Study Guide to Henry Purcell
This sonnet is dated “Oxford, April 1879,” written while Hopkins was curate at St. Aloysius’s church. He enclosed the poem in a letter written that month to his friend Robert Bridges and later says he considers this poem, “one of my very best pieces.” Henry Purcell was an English composer (1659-1695) that Hopkins admired. Although Purcell incorporated Italian and French elements into his music, his style was a unique English form of Baroque music. Purcell was a problematic figure for Hopkins because he was Protestant (“listed to a heresy”); since Hopkins was now Catholic, he felt a need to defend Purcell and his interest in him. For example, Hopkins later compared Purcell’s music to the poetry of John Milton, another Protestant. The first two quatrains give a tribute to Purcell, defending his skill and alluding to the uniqueness of his style.
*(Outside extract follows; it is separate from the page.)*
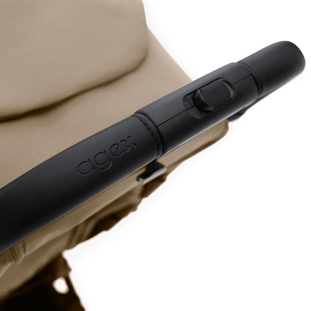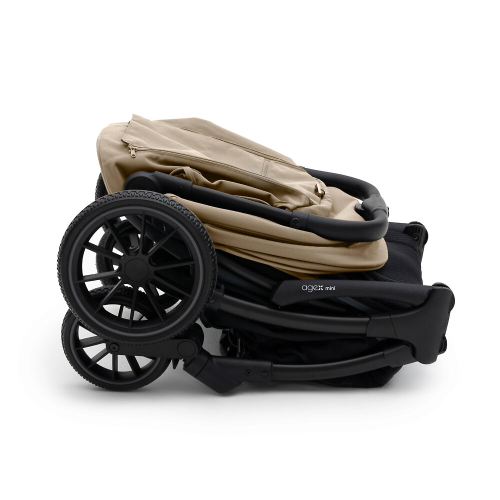 Компактная коляска Agex Mini All RoadШасси прогулочной коляски разработано с учётом потребностей современных родителей, которые ценят мобильность и компактность каждой поездке. Автоматическая система складывания по типу «книжка» позволяет одним движением руки сложить до компактных размеров, и коляска уверенно стоит в вертикальном положении, не пачкая текстиль. Это идеальное решение для хранения в малогабаритных квартирах, багажнике автомобиля или поездок в общественном транспорте. Встроенная ручка позволяет легко переносить её одной рукой. Плавное движение от городского асфальта до брусчатки и грунтовых дорог достигается благодаря большим полиуретановым колёсам и системе амортизации на каждом из колёс. Передние колёса Agex Mini All Road поворотные на 360 градусов с возможностью фиксации прямо, что особенно полезно на сложных участках, таких как рыхлый песок или снег.

The sestet, the last six lines, likens the thrill of hearing Purcell’s music to the wonder and joy of seeing a magnificent seabird riding the wind.
Here are some things to think about regarding this poem:
- This poem is preceded by a prose argument, a summary of the major points in a work of prose or poetry—“The poet wishes well to the divine genius of Purcell and praises him that, whereas other musicians have given utterance to the moods of man’s mind, he has, beyond that, uttered in notes the very make and species of man as created both in him and in all men generally.” How does this clarify the purpose of his poem?
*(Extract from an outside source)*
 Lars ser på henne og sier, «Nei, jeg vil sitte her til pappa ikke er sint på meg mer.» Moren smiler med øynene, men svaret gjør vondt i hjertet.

- Hopkins often uses neologisms or “coined” words-words he makes up because the ordinary vocabulary fails to express his meaning adequately. Can you find some coined words in this poem? Why might Hopkins have felt the need for coined words in this poem in particular?
- Hopkins also uses epithets, an adjective or descriptive phrase which expresses a characteristic of the person or thing mentioned, in this poem. Often these adjectives are hyphenated. For example, see line 12: “The thunder-purple seabeach plumèd purple-of-thunder.” Why do you think Hopkins uses epithets in this poem, and what might he gain by using them?
- In this poem Hopkins is working out some of his ideas about inscape, the “this-ness” of a thing, the distinctive design that gives individual identity to a thing, a scene, a bird, a person. How is this idea of inscape expressed in this poem about Henry Purcell? To what does he compare Purcell in order to confirm his uniqueness?